▶ **Available records**:
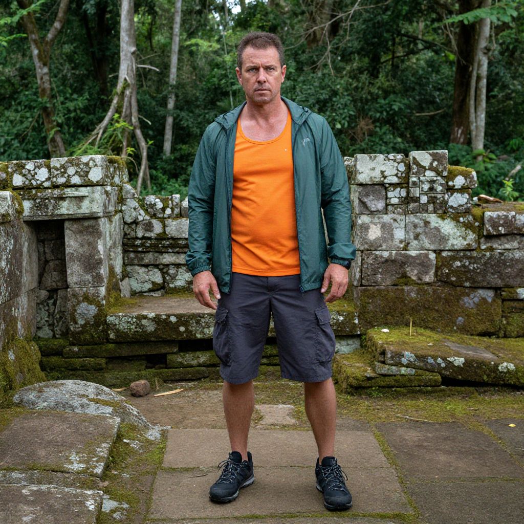 A man, bright orange performance cycling tank top, dark gray cargo cycling shorts, forest green lightweight windbreaker, black trail-ready trainers, ancient stone ruins, overgrown with moss, surrounded by dense jungle, lithographic film style, focused expression, ready for adventure. Man has masculine face and piercing eyes
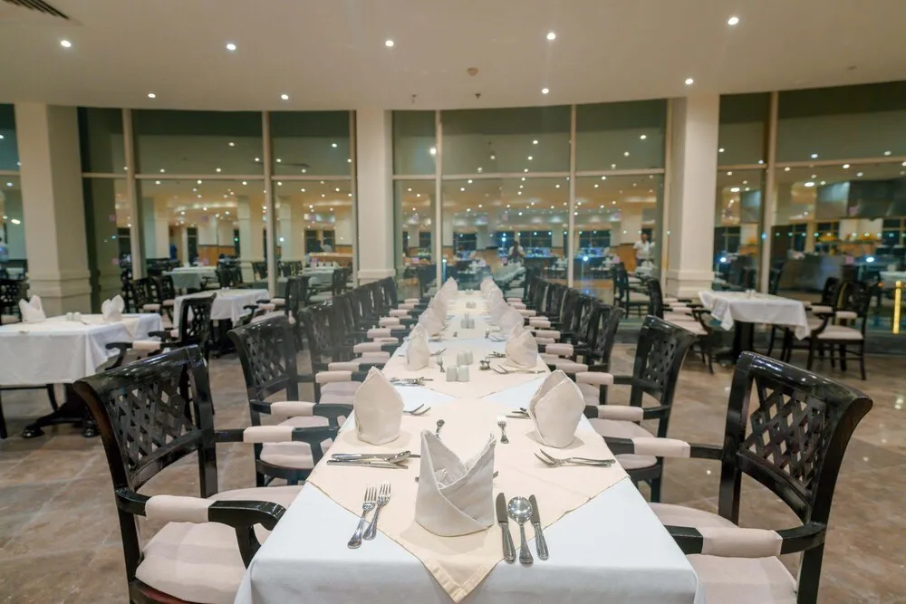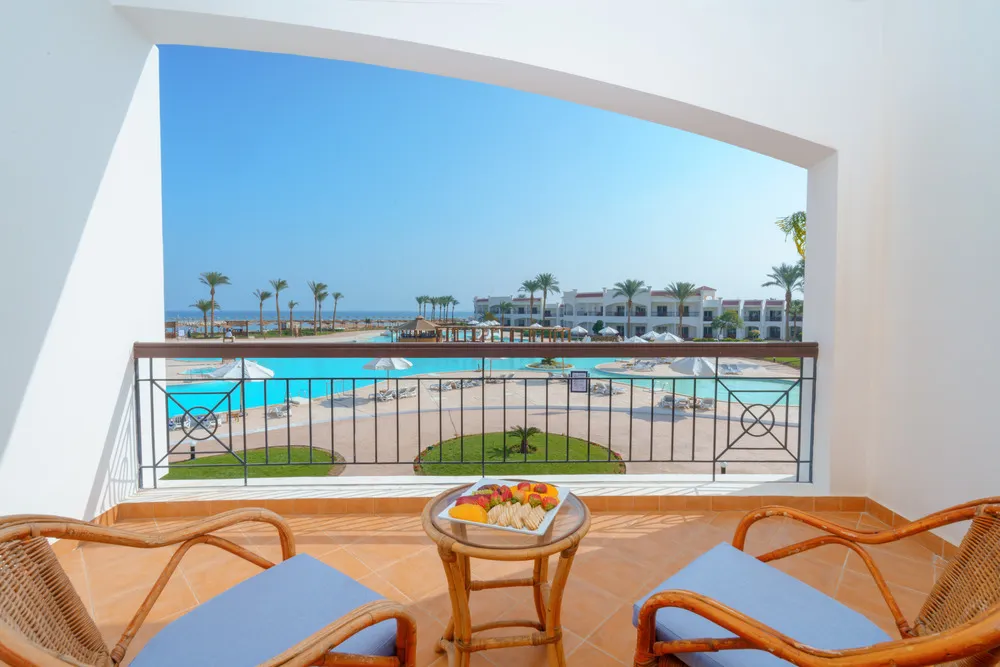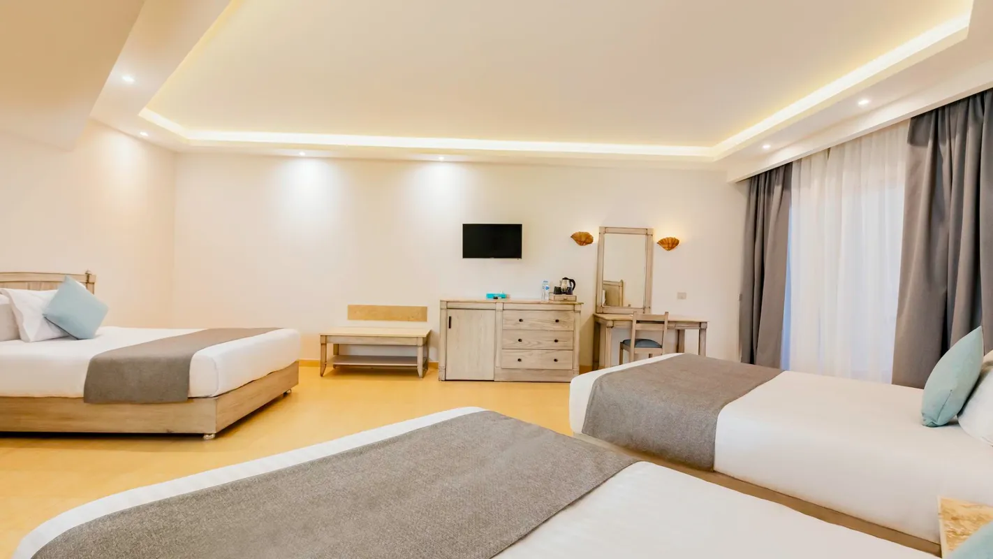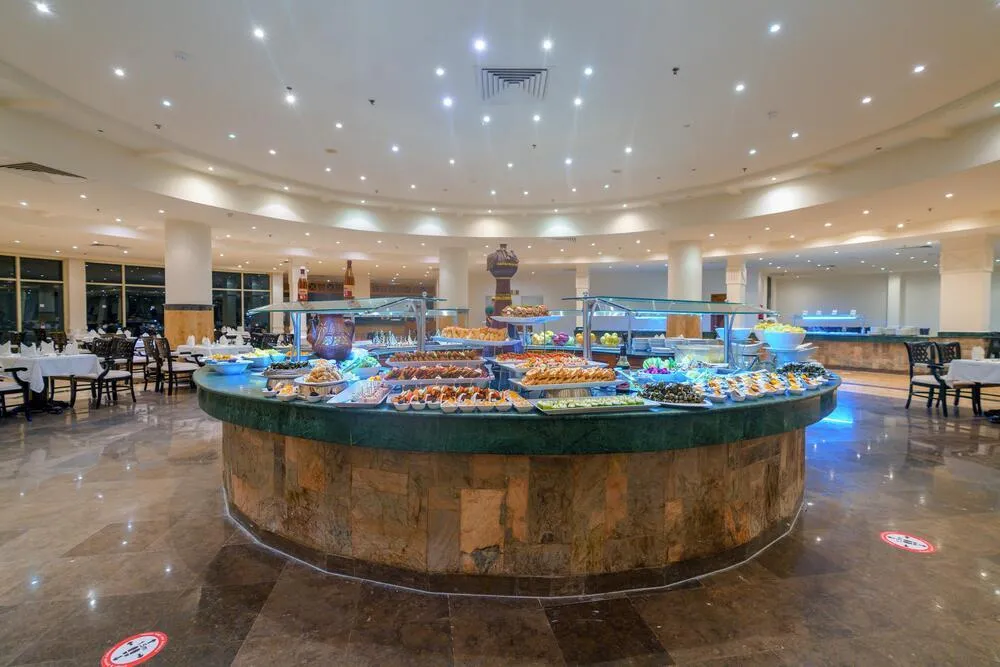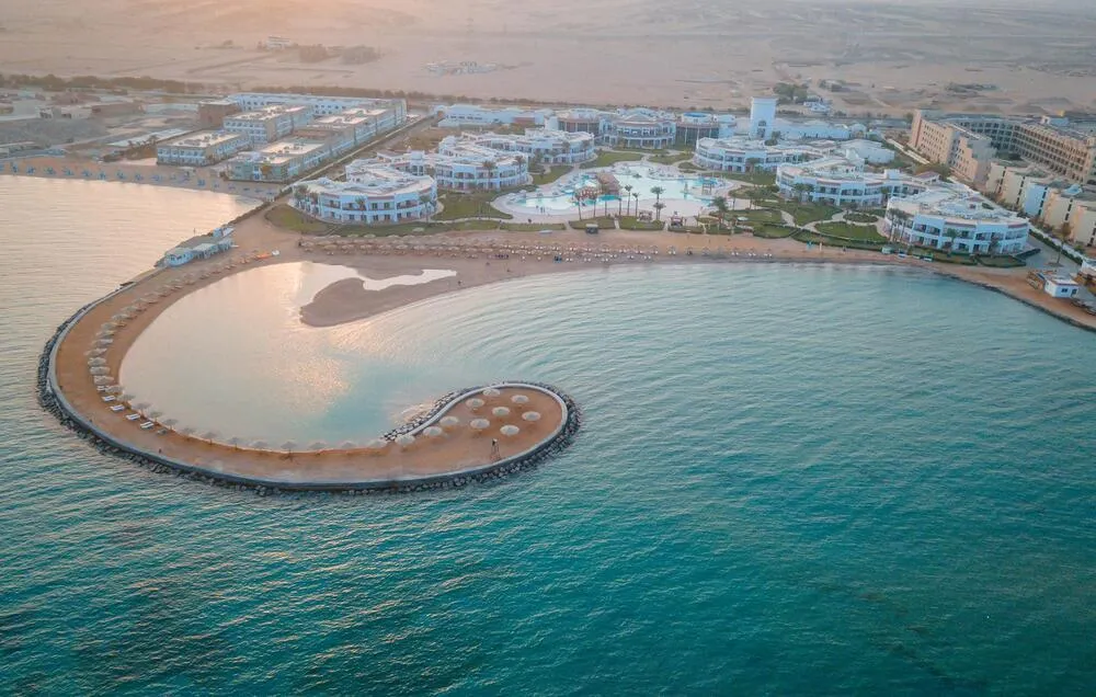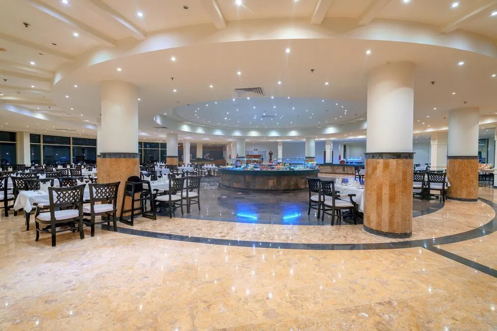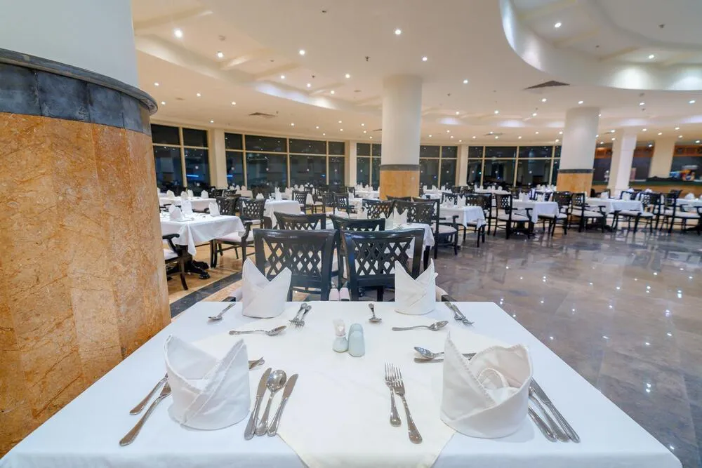 Отель стоит на первой линии, в районе Вилладж-Роад, в 13 км от аэропорта Хургады. Он подходит для спокойного отдыха у моря. К услугам гостей: ухоженная зеленая территория площадью 60 000 м² с бассейном в форме лагуны и двухэтажные корпуса с довольно просторными номерами: стандартными, семейными и полулюксами. Комнаты светлые, с балконами, видом на море или территорию отеля, с достаточно хорошим ремонтом и простой добротной мебелью. Почти все отдыхающие довольны работой кондиционеров в номерах и качеством ежедневной уборки. Отель имеет собственный песчаный пляж с причалом для катеров. Расположен он совсем рядом — всего в 200 метрах от здания с лобби, в уютной, защищённой от сильных ветров лагуне. Вход в море здесь комфортный, пологий, но у берега довольно мелко. Море в этом месте чистое, прозрачное, а вода в нём быстро прогревается. На берегу есть отдельные зоны для семей с детьми и взрослых туристов 16+, желающих отдохнуть в тихой спокойной атмосфере. В главном ресторане отеля гостей ждёт привычный шведский стол с блюдами интернациональной кухни. Питание разнообразное, вкусное. Весь день в лобби работает бар, есть кафе-бар у бассейна, спорт и джаз-бар. С 10:30 до 12:00 гостям предлагают перекусить лёгкими закусками, а с 15 до 18 часов устраивают кофе-брейк и подают свежую выпечку. Отдыхающие могут также посещать 2 ресторана, работающих по системе а ля карт, достаточно только предварительно забронировать столик. На территории отеля есть бассейн для взрослых с детской зоной, бассейн с аквапарком из 6 горок и подогревом в зимний период, СПА-комплекс с cауной, джакузи, паровой и турецкой баней, фитнес-центр, салон красоты, теннисные корты, бильярд, центр водных видов спорта, магазины с сувенирами и ювелирными изделиями. Днём гостей ждёт ненавязчивая анимация: аэробика, дартс, пляжный волейбол, водное поло. А вечером — мини-диско для малышей, шоу в амфитеатре и живая музыка на крыльце в лобби. Для юных гостей открыт детский клуб, есть неглубокий бассейн, игровая комната и уголок со специальным меню в главном ресторане. Через дорогу от отеля находится базар, есть аптека. В 10 минутах ходьбы находится торговый центр. Недалеко располагается и аквапарк "Титаник".
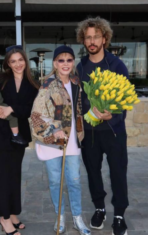 76-erių A. Pugačiova laiką leido kartu su vyru komiku Maksimu Galkinu bei moterimi, rankose laikiusia mažą vaiką.
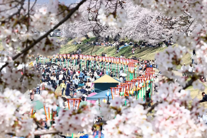 Spring in Okayama is the perfect season for a date, as the city and mountains are bathed in the pink of cherry blossoms. In the center of Okayama City , the Okayama Sakura Carnival is held on the Asahikawa riverbed east of Korakuen Garden. You can enjoy the 400m-long row of cherry blossom trees along with food stalls during the day, and at night, the lights are on, creating a fantastical atmosphere.
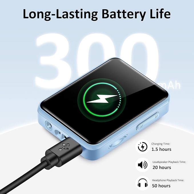 - 【Long-lasting battery life】 Built-in large-capacity battery, it can be used for a long time on a single charge, only 1.5 hours to fully charge, 20 hours with headphones and 4 hours with speakers. Say goodbye to the worry of mobile phone power consumption and focus on enjoying pure music time
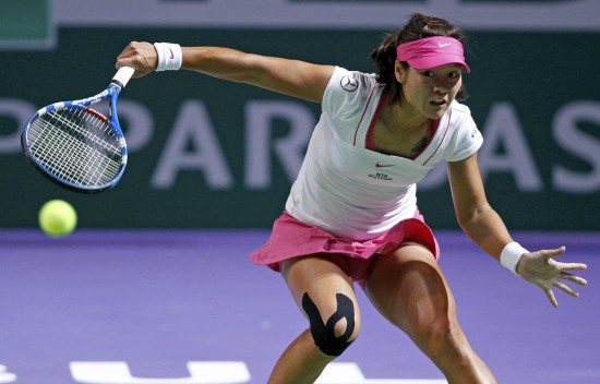 10月28日,中国选手李娜在比赛中回球。当日,在2011WTA年终总决赛白组最后一轮比赛中,李娜迎战澳大利亚选手斯托瑟。
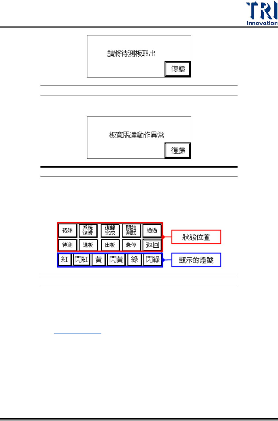 Test Research Inc. TR 7700 SII User Guide -- Hardware 9 圖 15 :其他設定 – 板寬設定 – 請將待測板取 出畫面 圖 16 :其他設定 – 板寬設定 – 板寬馬達動作 異常 畫面 燈號:三色燈燈號的顯示設定。先按下要設定的狀態位置,使其反黑,再按下該步 驟所要顯示的燈號。若不設定將顯示出廠的預設值。 圖 17 :其他設定 – 燈號 畫面 延伸 SMEMA :套用延伸的 …
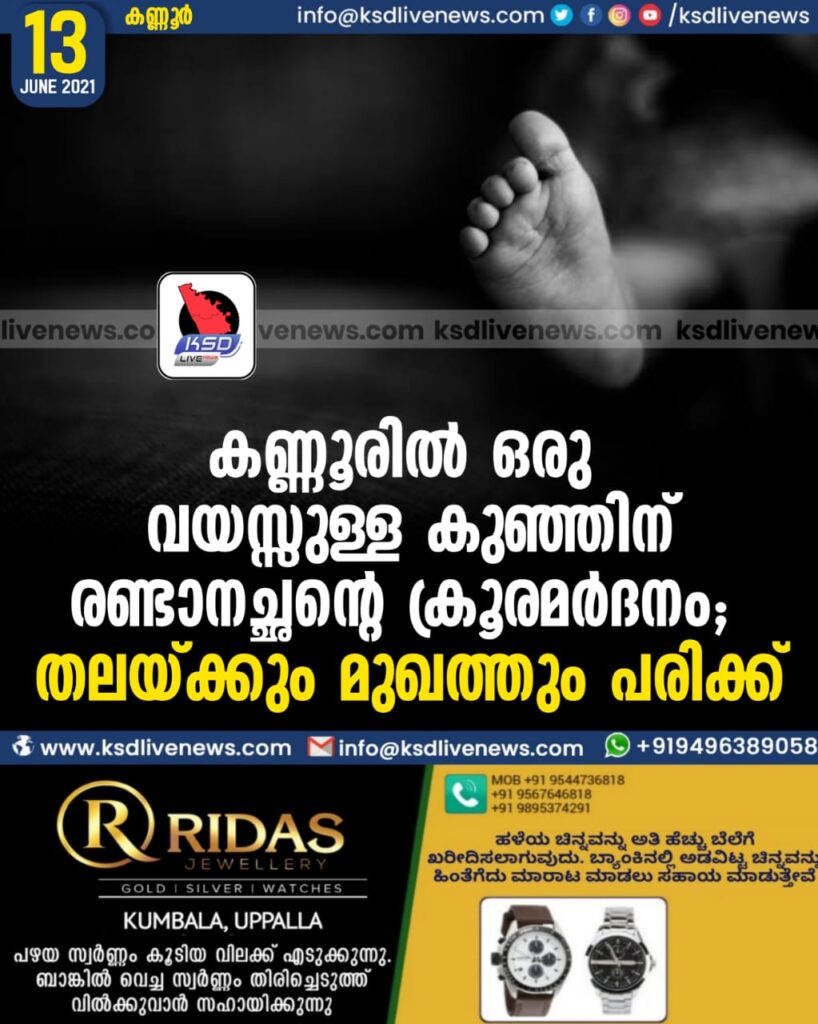 കണ്ണൂരില് ഒരു വയസ്സുള്ള കുഞ്ഞിന് രണ്ടാനച്ഛന്റെ ക്രൂരമര്ദനം; തലയ്ക്കും മുഖത്തും പരിക്ക്

▶ **Work to complete**: Copy the entries above exactly from the line with "76-erių A. Pugačiova" down to their last line, both ends included. Do not copy any pictures.

▶ **Solution for this exercise**:
 76-erių A. Pugačiova laiką leido kartu su vyru komiku Maksimu Galkinu bei moterimi, rankose laikiusia mažą vaiką.
 Spring in Okayama is the perfect season for a date, as the city and mountains are bathed in the pink of cherry blossoms. In the center of Okayama City , the Okayama Sakura Carnival is held on the Asahikawa riverbed east of Korakuen Garden. You can enjoy the 400m-long row of cherry blossom trees along with food stalls during the day, and at night, the lights are on, creating a fantastical atmosphere.
 - 【Long-lasting battery life】 Built-in large-capacity battery, it can be used for a long time on a single charge, only 1.5 hours to fully charge, 20 hours with headphones and 4 hours with speakers. Say goodbye to the worry of mobile phone power consumption and focus on enjoying pure music time
 10月28日,中国选手李娜在比赛中回球。当日,在2011WTA年终总决赛白组最后一轮比赛中,李娜迎战澳大利亚选手斯托瑟。
 Test Research Inc. TR 7700 SII User Guide -- Hardware 9 圖 15 :其他設定 – 板寬設定 – 請將待測板取 出畫面 圖 16 :其他設定 – 板寬設定 – 板寬馬達動作 異常 畫面 燈號:三色燈燈號的顯示設定。先按下要設定的狀態位置,使其反黑,再按下該步 驟所要顯示的燈號。若不設定將顯示出廠的預設值。 圖 17 :其他設定 – 燈號 畫面 延伸 SMEMA :套用延伸的 …
 കണ്ണൂരില് ഒരു വയസ്സുള്ള കുഞ്ഞിന് രണ്ടാനച്ഛന്റെ ക്രൂരമര്ദനം; തലയ്ക്കും മുഖത്തും പരിക്ക്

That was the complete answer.